There is a huge difference between subjective and objective. Don’t run your company by emotions. “Your gut is great, it's what got you there. But at a certain point, speak with data, make decisions with data,” McFarlane says.
Our favorite radio station is WIIFM.
What’s In It For Me? Everyone is hard-wired to care about themselves. Even you.
So, don’t take it personally when a potential new hire takes a job down the road that pays more. They’re just looking after their own interests.
“There's blood on the streets when it comes to labor, and they're getting great offers,” McFarlane says. “When they operate in their own self-interest, let's remove the emotional baggage about that and understand it's not personal, it just is what it is.”

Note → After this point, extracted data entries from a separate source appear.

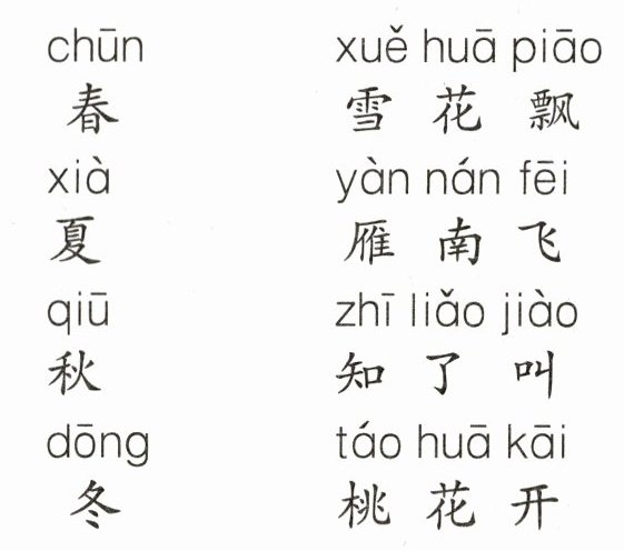 答案:春——桃花開;夏——知了叫;秋——雁南飛;冬——雪花飄;藍藍的——天空;彎彎的——月牙;清清的——河水;圓圓的——蓮葉 。 (以連線對應關系呈現(xiàn),按題目要求無需填選項,此為內容對應答案形式)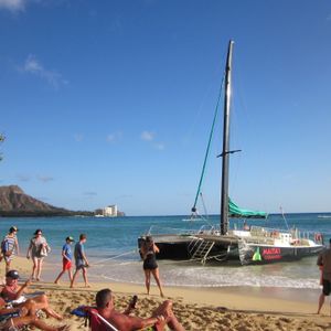 マイタイを飲みながら夕日を眺めて、皆さん思い思いに写真を撮ったりおしゃべりしたり。ワイキキのホテル群とダイヤモンドヘッドを眺め、振り返れば水平線に真っ赤な夕日。この日はほとんど揺れることはなかった。乗り降りの時に濡れるのでビーチサンダルがオススメ。VERTRAさんはメールでの直前確認や直後のお礼メールなど丁寧でした。アルコール飲料にパスポートが必要と書いてあるけど、全然要らなかったです。良い企画を有難うございました。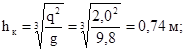к - данные величины берутся при критической глубине;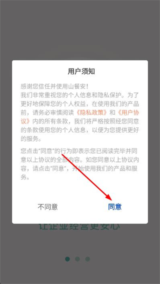 1、打開(kāi)山餐安app,在彈出的用戶(hù)須窗口中,點(diǎn)擊同意按鈕。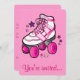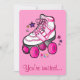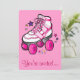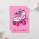 Este convite para uma festa de aniversário de patinação apresenta um skate cor-de-rosa decorativo.

One-on-Ones and the Power of Positive Feedback
Approach one-on-ones with employees as a time to talk about performance and understand the person, rather than try to label them and put them in a box. Look for more than what’s wrong. Find things you like and praise them for it.
Good managers also give regular, positive feedback that’s authentic, and not simple platitudes. They make positive feedback specific, timely, and direct, and find ways to celebrate the success with the entire team.
“By and large, people are three times more likely to quit if they go unrecognized,” McFarlane says.
In fact, one study found the greatest difference between the most and least successful teams is the ratio of positive comments to negative ones:
Highest performing teams had an average ratio of almost six positive feedback comments to one negative.
Middle performing teams had an average ratio of almost two positive feedback comments to one negative.
Lowest performing teams had almost three negative comments for every one positive one.
“Here's what separates great leaders from good managers: They understand they don't get to define what was positive and what was negative. That's the role of the person receiving that feedback,” McFarlane says.
Neutral feedback can seem negative, because we all want incredible, awesome feedback.
For instance, recognize a tech when they stay late to help a customer, then share that success the next day with the rest of the team. It will be specific, timely, and direct. “It’s kind of like a superpower,” McFarlane says.
Keep in mind, however, that most skilled tradesmen won’t tell you they want positive feedback. But it’s your job to provide it.
“When it's business as usual, and we're not being proactive and leading from our values, then yeah, you're going to have attrition,” McFarlane says. “What kind of self-respecting, kick-ass installer is going to be like, ‘Hey, man, I developed feelings last night, can you tell me I'm awesome?’ It's not real.”
What is a leader’s role in unlocking an employee’s true potential?
Prove How Much They Know—Not You
No Making Fun of Anybody
Make Them a Hero
“The communication of knowledge and understanding, it's all about connecting ideas relative to something the person you're talking to already knows,” McFarlane says. “We need to understand what they know about our vision, identify the gap, and then share those things they don't yet understand in ways they can.”
To do that, he suggests following these 3 Rs:
Repeat. Repeat the question/statement, so everyone can hear it.
Redirect. Redirect it to someone else in the room and be prepared to call on people.
Restate. Restate the answers they came up with or rephrase to provide the correct answer.
For example, a new tech might ask a question about a specific issue during a service meeting. You ask the room if anyone else experienced the same issue, then redirect the question to a more experienced tech. When they offer a solution, restate it so everyone learns.
“The nut of it is, you create engagement by being engaging,” McFarlane says.
Finally, leadership in 3 steps:
Lead with questions.
Dig into the answers.
Set goals around the solutions.
“Now, you've created an opportunity for engagement, for understanding, and they've created their own goals,” McFarlane explains. “All you are is the gentle hands on the wet clay. They made the vase. It's their vase, you're just helping sculpt the process.”